One of the changes that has happened over the last decade or so and that continues with this year’s farm bill is the shift from subsidies to crop insurance.

The bill also creates a new insurance program that will benefit dairies in the state, Sumner says. Soaring feed prices have driven the closure of more than 400 California dairies over the last few years.

Sumner says the program “gives industry some security that they can literally take to the bank. In other words, when they’re getting a production loan, they can go to banker and say, ‘My downside’s covered by this insurance provision.’  That will help them keep their operations financed.”

An effort failed to amend the farm bill to get extra water to farmers who may have to fallow land because of the drought. That’s not surprising, Sumner says, given that it was a last-minute effort to change a compromise that got nailed down in December. And it would have been a controversial amendment, diverting water from the Sacramento-San Joaquin Delta for farms, and stalling restoration of the San Joaquin river.

“The developments in the California drought really, in a sense, happened too late for this farm bill,” Sumner says. “So to add one more provision that was very complicated was going to be a tough one. As you can imagine there would have been lots of people on either side of that.”
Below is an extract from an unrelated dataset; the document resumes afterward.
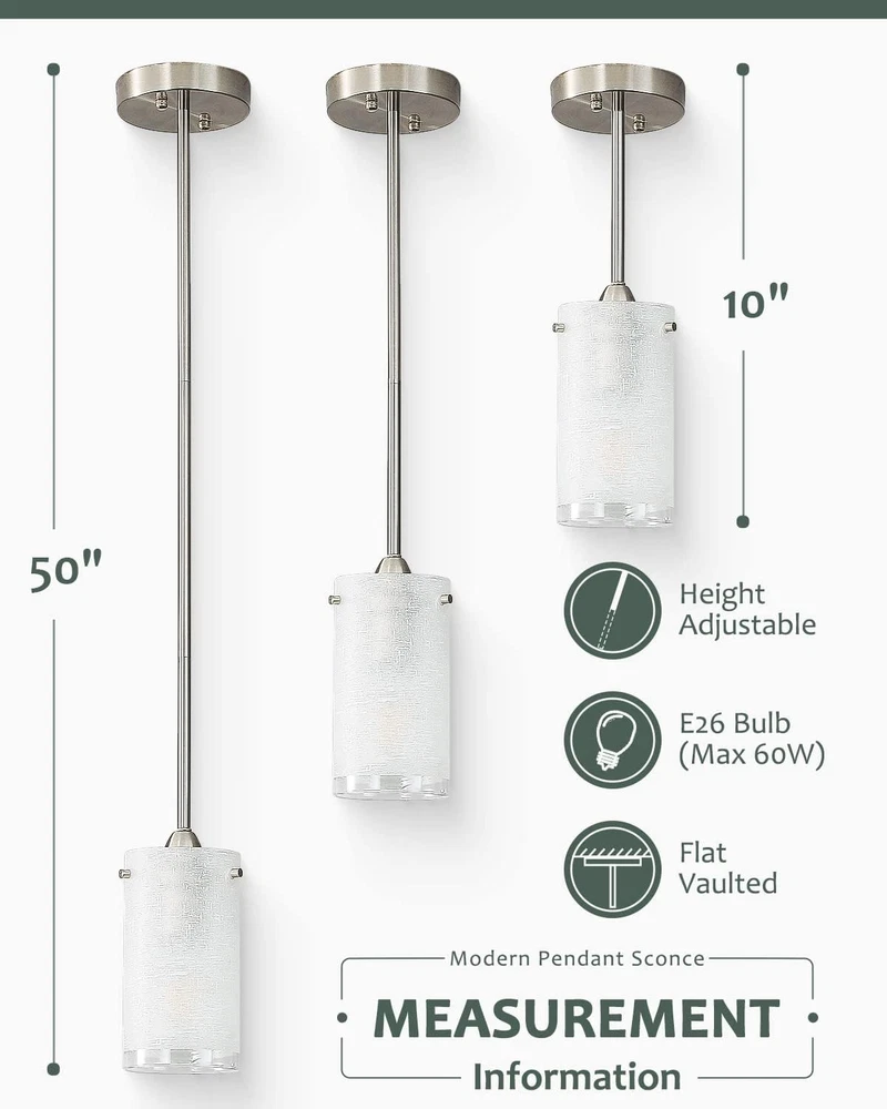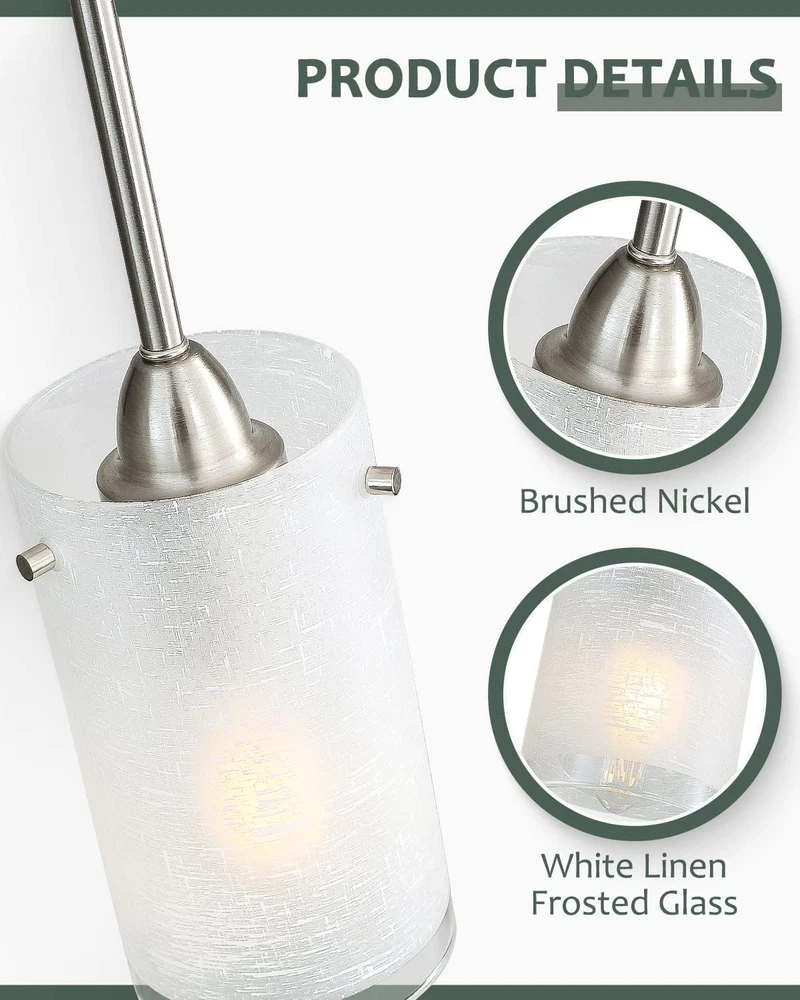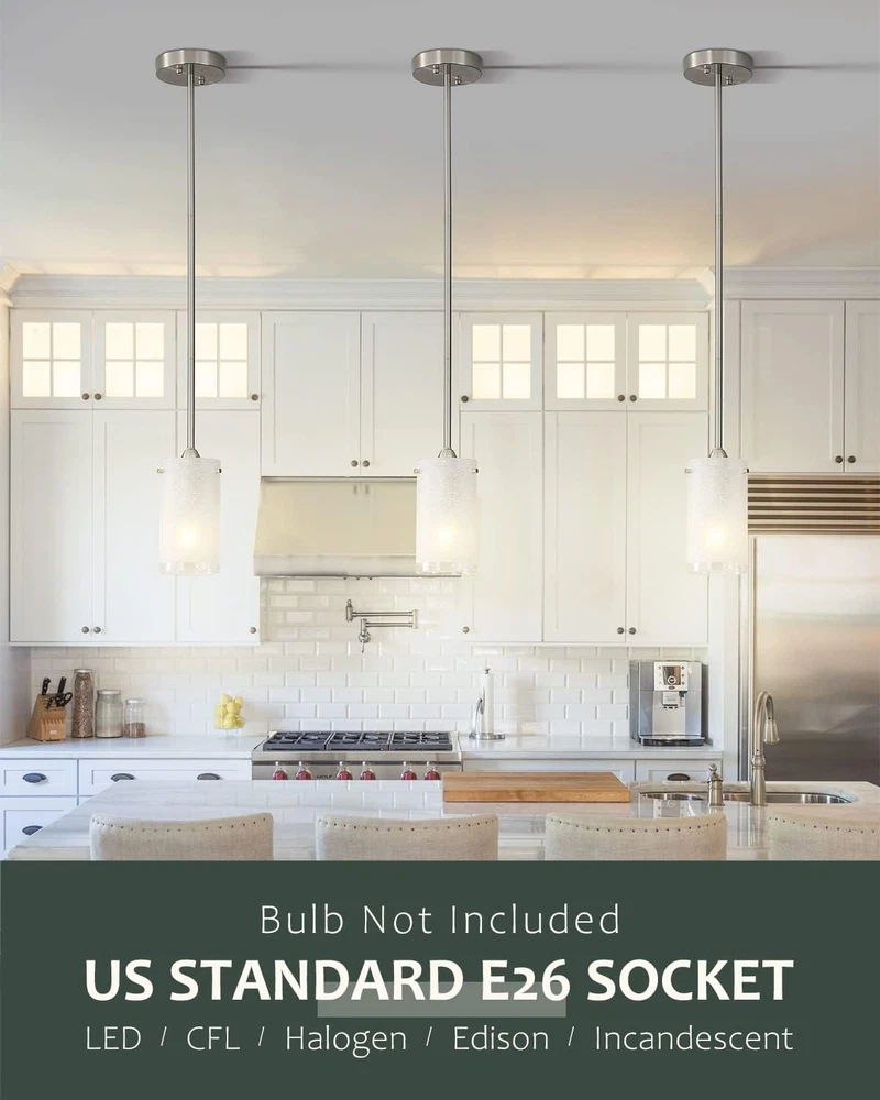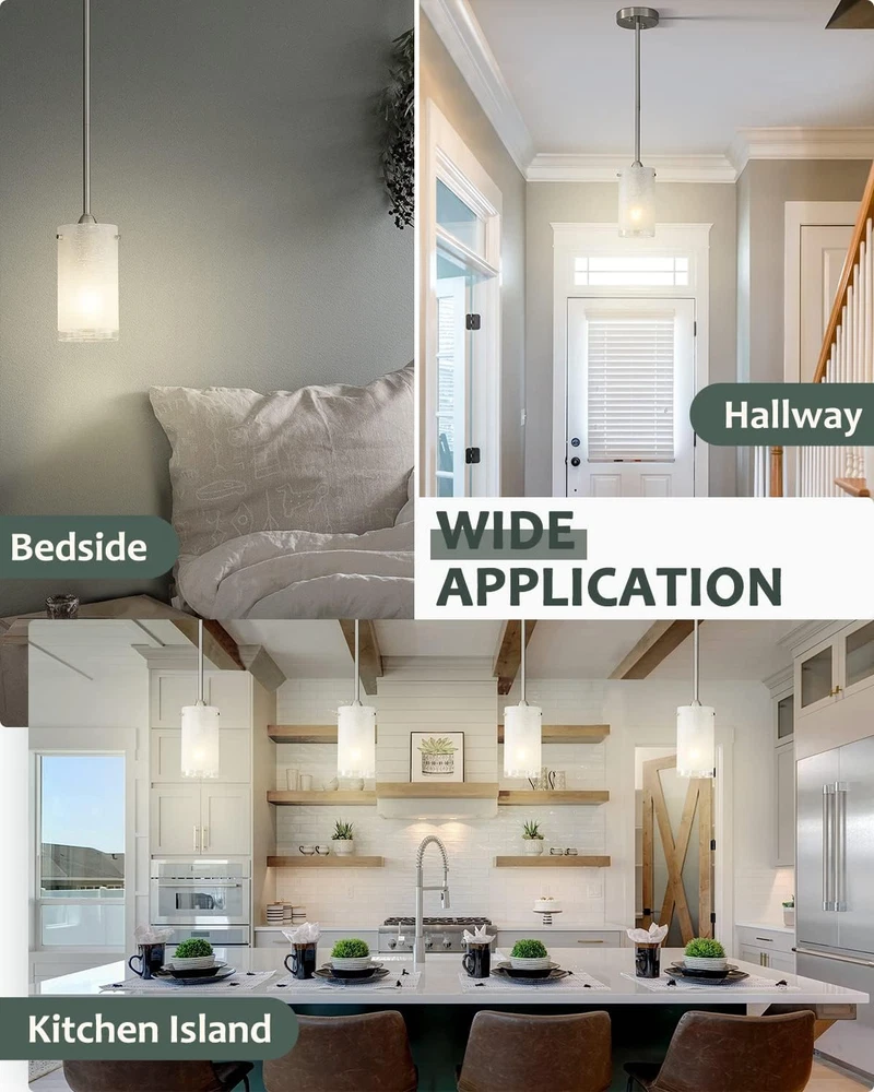 Store New Arrivals Add to Favorite View Feedback Contact 1-Light Mini Pendant Light Fixtures, Modern Chandelier Hanging Ceiling Light with White Frosted Shade, Brushed Nickel Pendant Lighting for Kitchen Bedroom Hallway, Adjustable Height, 2 Pack Description Item model number EIEPL02-2 Light Source Type Halogen, LED, Fluorescent, Incandescent Style Modern Number of Items 2 Power Source Corded Electric Fixture Type Non Removable Number of Light Sources 1 Control Method App Warranty Type Limited Lighting Method Downlight Maximum Compatible Wattage 60 Watts Controller Type Push Button Unit Count 2.0 Count Room Type Hallway, Kitchen, Bedroom, Dining Room, Dining Room Foyer Assembly Required Yes Product Dimensions 44"L x 44"W x 5"H Material Glass, Metal Installation Type Flush Mount Model Name White Linen Frost pendant light fixture 2 Pack Finish Type Brushed Specific Uses For Product Entryway, Lobby, Kitchen, Bathroom Basement, Bedroom, Living Room, Home Office, Hallway, Dining Room Indoor/Outdoor Usage Indoor Bulb Base E26 Country of Origin China Batteries Required? No Item Weight 4.14 pounds Light fixture form Ceiling Special Features Dimmable Special Feature Dimmable Part Number EIEPL02-2 Shade Color White Mounting Type Ceiling Mount Color White Frosted Glass Shade Wattage 60 watts Shape Pendant lighting Voltage 120 Volts Plug Format A- US style Shade Material Glass Finish types Brushed Included Components Shade Size 2 Count (Pack of 1) Height Adjustable: The adjustable silver cord ( maximum length 50'' ) can customize your different hanging needs, just need pull through the cord to the desired length compatible with sloped ceilings, slanted ceiling. This pendant lamp allow a variety of hanging heights White Frosted Glass Shade Design: This hanging ceiling light fixture combines brushed nickel finish metal fittings and white frosted cylinder glass lampshades, provide plenty of illumination. Perfect for bedroom, living room, dining room, coffee, kitchen, hallway, bar club, loft, and any living areas Flat/slope ceiling available: Our farmhouse brushed nickel mini pendant lighting can install it flexibly for bedroom, living room, dinging room, kitchen island, cafe, club, bar or restaurant Standard E26 Base: The silver chandelier hanging ceiling light fixture requires 2 x E26 medium base bulbs (Max 60W). Compatible with LED bulbs, CFL, incandescent, and halogen bulbs. Also, our pendant light is designed to be dimmable when used with a dimmable bulb and compatible dimmer switch (Bulbs and Dimmers Not Included) Easy Installation: This modern brushed nickel ceiling light fixtures come with all hardware. Just take a few minutes you can finish the installation Product Description Brush Nickle Pendant Light For Kitchen Island 2 Pack Brush Nickle Pendant Light For Kitchen Island 2 Pack Perfect for bedroom, dining room, living room, study room, bathroom, laundry room, entrances, hallway, entryway, stairwells, balcony, porch, etc, also ideal for commercial areas: bars, cafes, offices, hotels and restaurants. Brush Nickle Pendant Light For Kitchen Island 2 Pack Brush Nickle Pendant Light For Kitchen Island 2 Pack Brush Nickle Pendant Light For Kitchen Island 2 Pack Brush Nickle Pendant Light For Kitchen Island 2 Pack ABOUT US We offer the best prices around on high quality products. Our E-store includes media such as books, movies, music and games while offering electronics, toys, sporting apparel, clothing, tools, general home, garden items and more. SHIPPING We are always working hard to ensure your package arrives as soon as possible. Please understand that some factors like weather, high postal traffic, and the performance of shipping companies are outside of our control. We offer free shipping to the lower 48 states and ship within 2 business days of payment, usually sooner. We do not accept P.O. Boxes. Please provide a physical address. For shipping outside of the continental USA, we only use eBay's Global Shipping Program.The item is shipped to KY and then sent to the rest of the world. International customers are responsible for all duties and taxes. Continue to check out in order to calculate costs for shipping the item to your country. Messages regarding eBay's Global Shipping Program MUST be directed at eBay EXCLUSIVELY. RETURNS We offer a 30-Day Return Policy on items which you are not completely satisfied with. You have the option for a full-refund or an exchange of the item. No returns are available on items shipped outside of the USA. PAYMENT We accept PayPal. CONTACT US This page content is yet to come Please ad us to your favorite seller and visit again later Thank You CUSTOMER SATISFACTION We try our very best to make sure every customer is completely satisfied. If there's a problem, message us! We're happy to help. WE ACCEPT Copyright © 2021 AutoDS. | All Rights Reserved
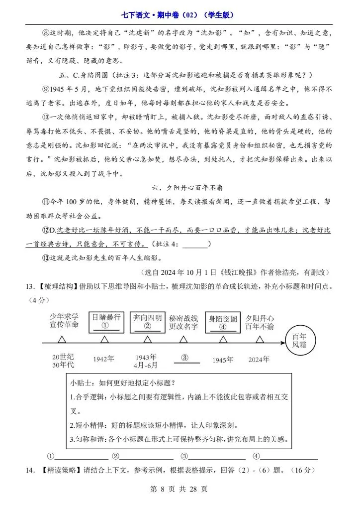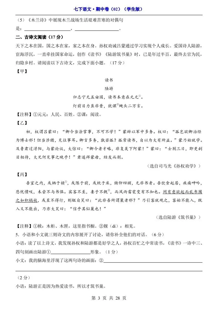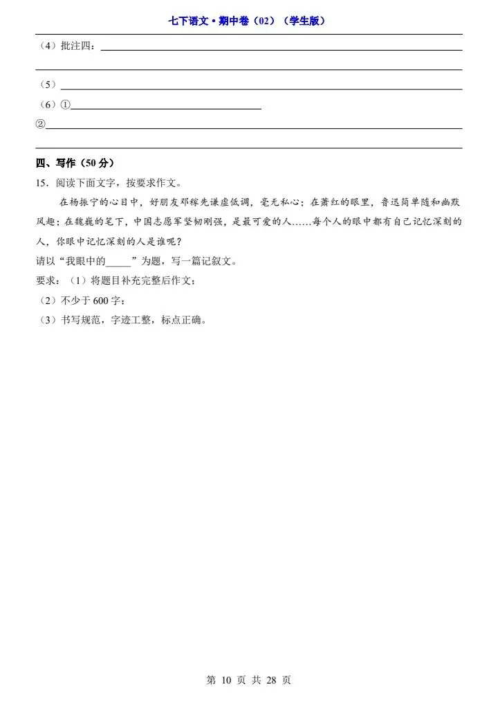 2026年春七年级下册语文《期中考试试卷》02卷,附详细解析版,完整电子版可打印!

Nonetheless, he says, the drought is actually a much bigger concern for California farmers than farm subsidies. Most farm bill subsidies were designed for agriculture in the South and Midwest, he says, and California fruit, vegetable and tree nut farmers have largely rejected subsidies.

“The California fruit and vegetable and tree nut industry has probably prospered more without all the subsidies and the rules that go with them,” Sumner says, “than have the industries with the government programs. That may seem counterintuitive somehow, but as usual, it’s not just free money, and the fruit and vegetable folks knew that."